强化学习 - 优化给定分数的权重
我正在开发一个项目,该项目有一个模拟机器人,通过移动到预定义的“传感位置”来探索未知但有图案的环境(例如办公楼)。换句话说,在每个点,机器人必须从可用的可见位置中选择一个要移动到的新位置。我们的最终目标是让机器人学习如何利用环境中的模式来优化全球探索时间。
机器人根据有关该位置的许多已知特征(例如到该点的距离、从该点到所有其他点的平均距离、该点周围的区域)的线性组合为其提供效用分数,从而选择下一个移动到的位置已经探索过,等等)。我的目标是优化该实用函数的权重,以最快的时间探索整个环境。
因为分数取决于整个探索路径,所以我不想在探索过程中改变权重。为了测试权重组合,我希望模拟机器人使用这些权重运行整个环境,并获得最终的分数。因此,我可以创建一个 |w|+1 xn 数据数组,其中 |w|是权重的数量,如下所示:
w1 w2 w3 w4 score
0.23, 4.30, -0.33, -2.001, 17030
-1.3, 2.03, -10.1, -0.021, 21983
3.65, -1.1, 5.021, 0.2301, 19508
etc...
我的问题是,哪种强化学习算法最适合这个?我在文献和研究中发现的大部分内容都与分类有关,显然多元回归不起作用。我还尝试实现 q 学习算法,但这并不能真正起作用,因为根据所采取的路径和环境结构,状态和操作的数量是可变的。我真正想要的是某种结构,它接受一行又一行的数据,并确定权重值及其组合,以最大化预期分数。有什么帮助/想法吗?谢谢。

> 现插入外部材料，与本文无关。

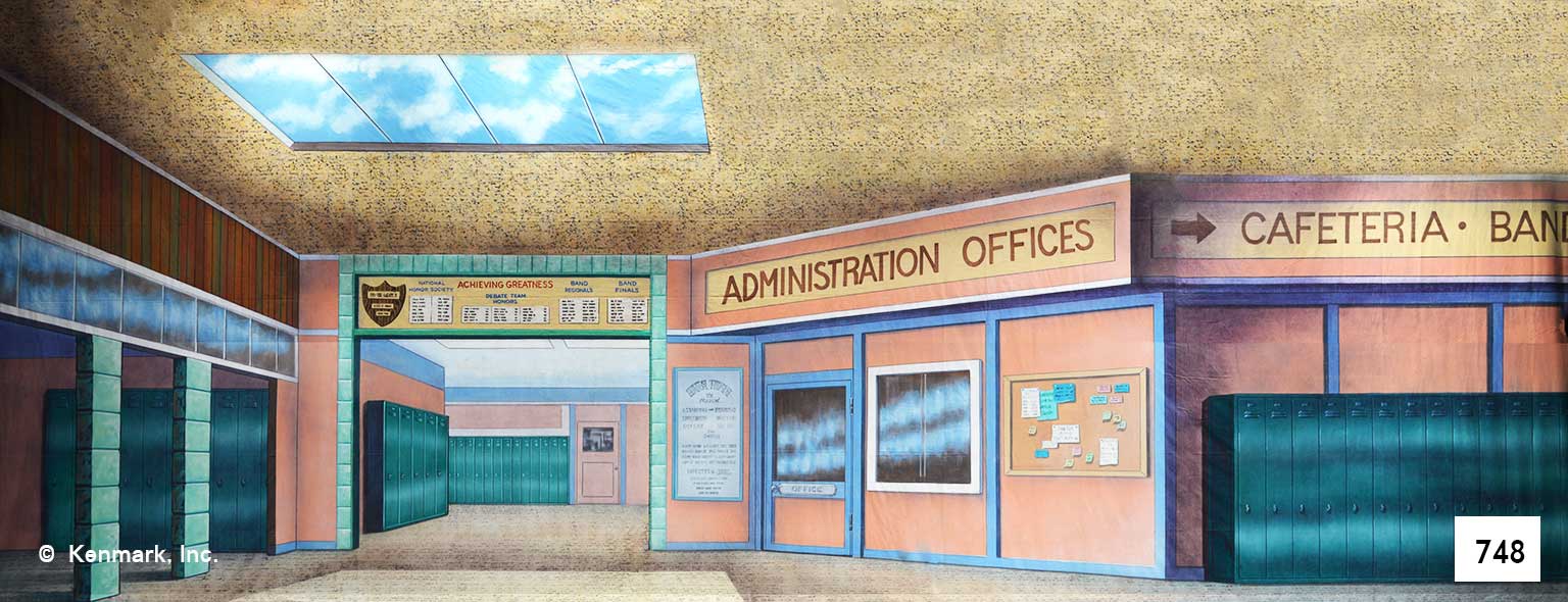 Beautifully hand-painted theatrical backdrops designed to provide continuity and quality to your “High School Musical” set. These gorgeous drops are designed by Scenic Designer Rex Heuschkel and hand-painted by Master Scenic Artist David McClain. They are full-size drops measuring approximately 20′ x 50′ feet. Each drop has grommets and tie lines across the top and a pocket at the bottom so you can insert a pole to weight the drop. The High School Musical Package 1 has a total of 4 drops, with a minimum order of 4 required unless your ship date is within the next 30 days. You must order all 4 drops to receive the package price. All backdrops are approximately 20’x50′. Need a smaller size? Check out our 17’ x 45’ package for “High School Musical”. Can’t do the whole package? Check out our individual backdrops for High School Musical! All prices are for a one week rental (Monday to Monday). A $500 deposit is required on all packages. Shipping is an additional charge. Renting for more than one week? Call 913-648-8125 for pricing!

I am working on a project that has a simulated robot exploring an unknown, but patterned environment (such as an office building) by moving around to predefined "sensing locations". In other words, at each point the robot must choose a new location to move to from the available visible locations. Our ultimate goal is to have the robot learn how to exploit the patterns in the environment to optimize global exploration time.

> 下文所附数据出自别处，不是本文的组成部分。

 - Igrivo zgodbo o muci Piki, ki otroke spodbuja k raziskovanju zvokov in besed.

The robot chooses which location to move to next by giving it a utility score based on a linear combination of a number of known features about the location (such as distance to the point, average distance from the point to all others, area around the point already explored, etc.). My goal is to optimize the weights of this utility function to give the fastest time to explore the whole environment.

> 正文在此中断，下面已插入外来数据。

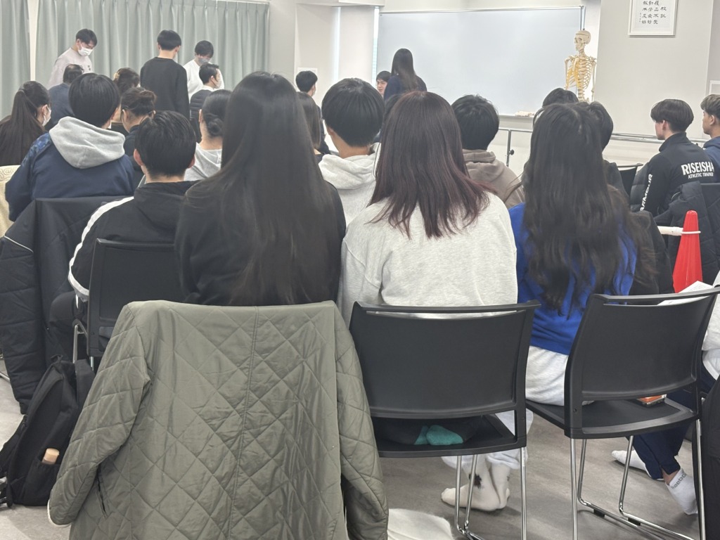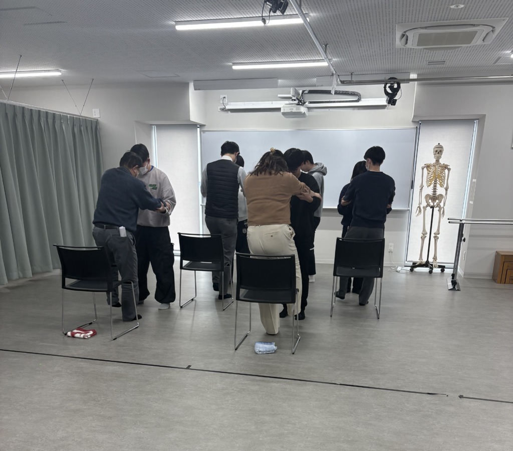 発表当日は教員がモデルとなり、対象者様4名に、それぞれの班が考えた運動のレクリエーションを指導するという内容でした!音楽の選択からメニューまで全て学生たちのオリジナルで実施しておりました。また、それぞれモデルの先生方も少し肩があがりにくいなど演技をしてもらっている状態でした。そのため、集団体操でも個別での指導も必要となる内容でした。

Because the score depends on the entire exploration path, I do not want to alter the weights mid-exploration. To test a combination of weights, I want the simulated robot to run through the entire environment with those weights, and get the resulting score. Therefore, I can create an |w|+1 x n array of data, where |w| is the number of weights, such as the following:
w1 w2 w3 w4 score
0.23, 4.30, -0.33, -2.001, 17030
-1.3, 2.03, -10.1, -0.021, 21983
3.65, -1.1, 5.021, 0.2301, 19508
etc...
My question is, what sort of reinforcement learning algorithm would be best for this? Most of what I find in the literature and my research has to do with classification, and obviously multivariate regression wont work. I also tried implementing a q-learning algorithm, but this does not really work as there are a variable number of states and actions depending on the path taken and the structure of the environment. What I really want is some sort of structure that takes in row after row of the data, and determines the values of weights and their combinations that maximize the expected score. Any help/ideas? Thanks.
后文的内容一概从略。